I am, of course, talking about getting tax preparation started if you haven’t started that already. By now you should have all your 1099s, W2s, SSAs and many such statements that we are supposed to get by the end of January but generally they are late by a few weeks. The key thing to know is that even if you do not get your statements as mentioned above, it does not get you off the hook. You still need to declare all the income and other information that you would have gotten in those documents. IRS has taken a firm stand on this issue.

Generally, if that really happens, the best thing to do is to call that organization and get a copy or a substitute statement and most of these organizations are more than happy to oblige. If that avenue is not available for whatever reason, then you do your own calculations from the pay stubs, quarterly statements and/or other documents you may have over the course of the past 12 months and create your own scenario and use that number. It is best to show that you were aware of what needed to be shown and you have done your best to reconstruct it. Error of admission is much better than the error of omission.

We are sort of going back to the level of tax preparation like it was pre-Covid. Many special conditions were set in the past two years and they are not in effect any longer. So instead of regurgitating some of the same issues again I am going into a question/answer scenario and try to answer some of the atypical issues that you may be facing.

I plan to lease an electric vehicle; will I get a tax credit? Unfortunately, No. The newly named clean vehicle credit of up to $7,500 applies to EVs that are acquired by the taxpayer, meaning that the title to the vehicle changes hands. But all may not be lost. The tax credit goes to the manufacturer or the lessee of the leased EVs, so it makes sense to ask the dealer to reduce the price of the vehicle by all or part of the dealer’s credit amount.

Does the wash-sale rule apply between spouses? Yes. As you know, the wash-sale rule prohibits you from taking a capital loss write-off on the sale of securities if you purchase substantially identical security up to 30 days before or after that sale. If that is the case, then any disallowed loss is then added to the tax basis of the replacement securities. You also have a wash sale if you sell securities, and your spouse buys substantially identical securities within the 60-day period. Also, it should be noted that be very clear about the rules of what is a substantial identical security and what is not; if not followed properly it can get you in trouble.

Can I deduct charitable contributions that I made in 2022 if I don’t itemize? No. The 2020 and 2021 easing of charitable gifts of cash (only) has expired. Beginning with 2022, non-itemizers can no longer write-off on page 1 of 1040 up to $600 in cash donations to charity. This begs to explore how to use the high limits of itemized deductions to our advantage. Many have used it by bundling the medical expenses, mortgage interest, donations, property taxes etc. in one year to exceed the limit and then the next year take the standard deduction. To get over the high limit for itemized deductions this is a good strategy especially if you have many medical expenses which will take you over the 7.5 percent of your AGI. Such things need to be planned at least a year ahead of time, if not longer, because you must manage your mortgage and property taxes accordingly. Something to think about if you are keen on using the itemized deductions.

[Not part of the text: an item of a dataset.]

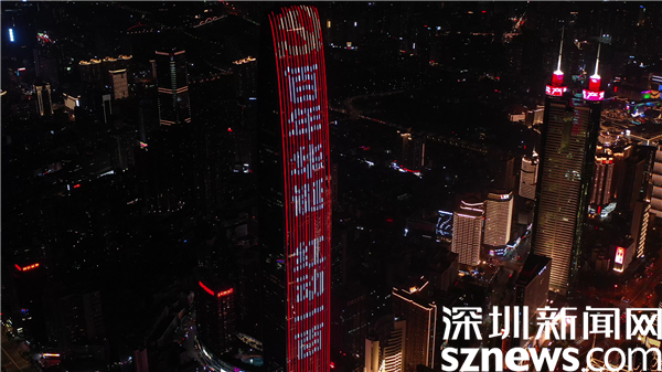 隨著參會(huì)領(lǐng)導(dǎo)和嘉賓按下儀式啟動(dòng)鍵,羅湖地標(biāo)建筑京基100被“點(diǎn)亮”,滾動(dòng)顯示“百年華誕 紅動(dòng)一百”、“崢嶸歲月 百年風(fēng)華”祝福語,噴泉廣場(chǎng)亮如白晝,映入觀眾眼中,現(xiàn)場(chǎng)發(fā)出陣陣贊嘆聲,將慶祝的氛圍推向高潮。

Virtual Currency: all 1040 and 1040SR filers must answer a question on virtual currency. On 2021 returns, taxpayers had to tell whether they received, sold, exchanged or otherwise disposed of any financial interest in any virtual currency. That question is being expanded for 2022 returns to include digital assets and the question is broader. Taxpayers must answer whether, at any time during 2022, they received, sold, exchanged, sold or otherwise disposed of a digital asset or a financial interest in a digital asset; that would include non-fungible tokens (NFTs).

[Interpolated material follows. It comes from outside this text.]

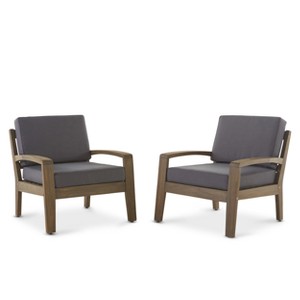 Grenada 2pc Wooden Club Chairs With Cushions: Weather-Resistant Acacia Frame - Christopher Knight Home

Interest rates rising on overdue taxes: the revenue service will charge 7 percent now for individuals on back due taxes. If you are going to ask for extension for filing, you still need to pay estimated taxes around the due date of April 18 for this year. It is best to over-estimate your tax dues and pay little more on April 18 and get a refund on October 15. You will get charged for interest for those six months for the taxes due if taxes are owed in October.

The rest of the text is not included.